17. a kind of vane pumps that are arranged on the interior driving electromagnetic coupling in impeller that have according to claim 1, it is characterized in that, also comprise the end of cylindrical shell or be connected to the nose cone portion on the end of cylindrical shell, described nose cone portion or end are arranged on the described import flowing in the stream of fluid of described booster cavity of flowing through.

18. a kind of vane pumps that are arranged on the interior driving electromagnetic coupling in impeller that have according to claim 1, is characterized in that, described cylindrical shell has multi-part type or single structure.

19. a kind of vane pumps that are arranged on the interior driving electromagnetic coupling in impeller that have according to claim 1, is characterized in that, the thrust load forward and backward on described impeller is balanced to previously selected degree.

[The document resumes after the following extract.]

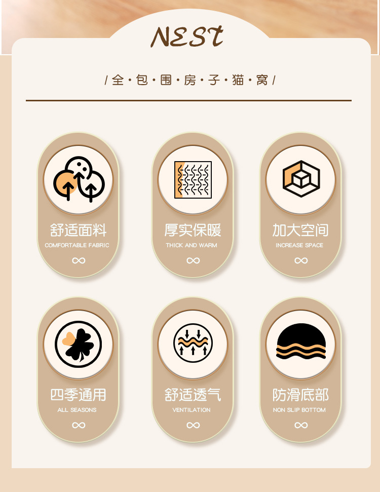 Nido de gato transfronterizo invierno semicerrado cálido perrera nido de mascota pin nido de gato desmontable nido de algodón lleno

20. a kind of vane pumps that are arranged on the interior driving electromagnetic coupling in impeller that have according to claim 1, it is characterized in that, described import arranges vertically, and described outlet are disposed radially with respect to described impeller.

21. a kind of vane pumps that are arranged on the interior driving electromagnetic coupling in impeller that have according to claim 1, it is characterized in that, described pump comprises peripheral passage, and the exhaust fluid that described peripheral passage allows pressurization is towards flow through described cylindrical shell enter described booster cavity of described import.

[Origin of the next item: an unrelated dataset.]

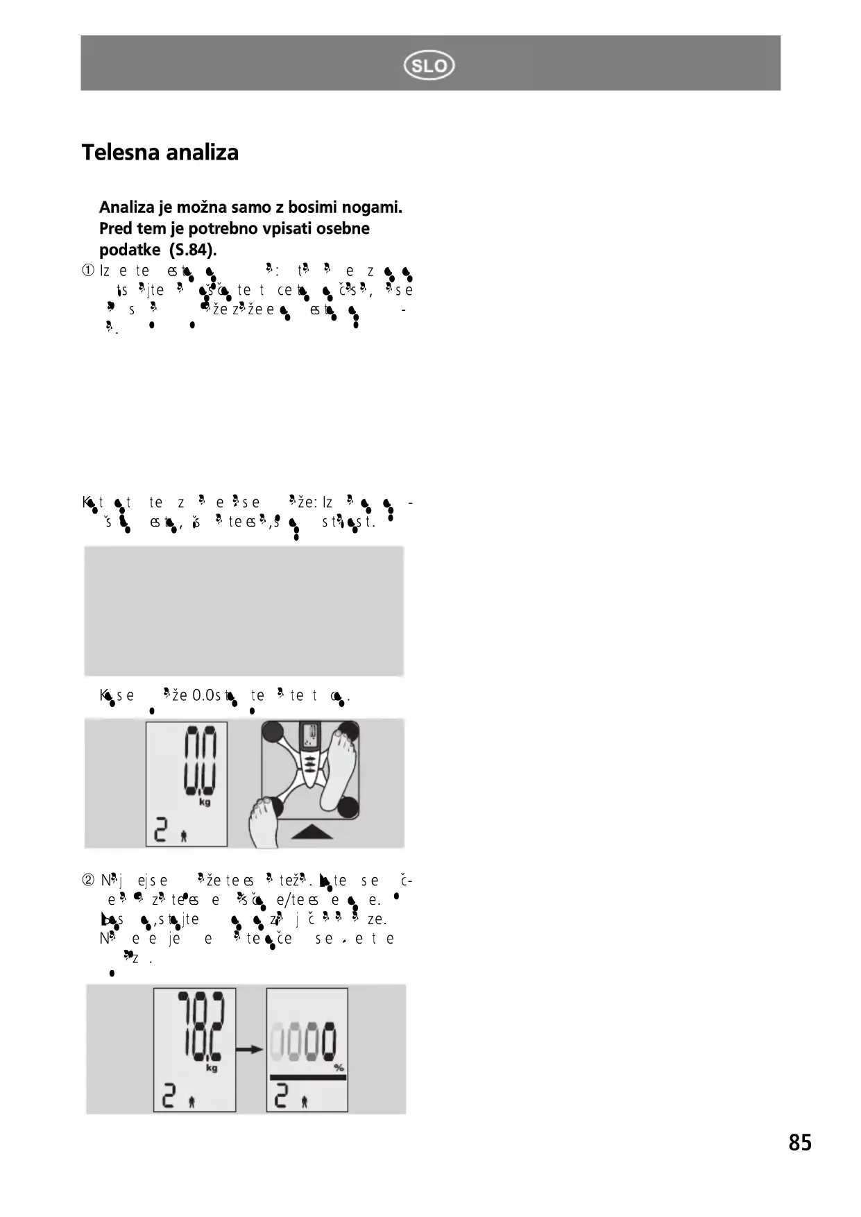 Analiza je mayna samo z bosimi nogami. Pred tem je potrebno vpisati osebne podatke (S.84).

22. a kind of vane pumps that are arranged on the interior driving electromagnetic coupling in impeller that have according to claim 21, is characterized in that, described pump comprises at least one thrust lining, and described thrust lining has the flow through configuration of described thrust bearing of the fluid of permission.

23. a kind of vane pumps that are arranged on the interior driving electromagnetic coupling in impeller that have according to claim 22, is characterized in that, described at least one thrust lining comprises and allows the flow through groove of described thrust bearing of fluid.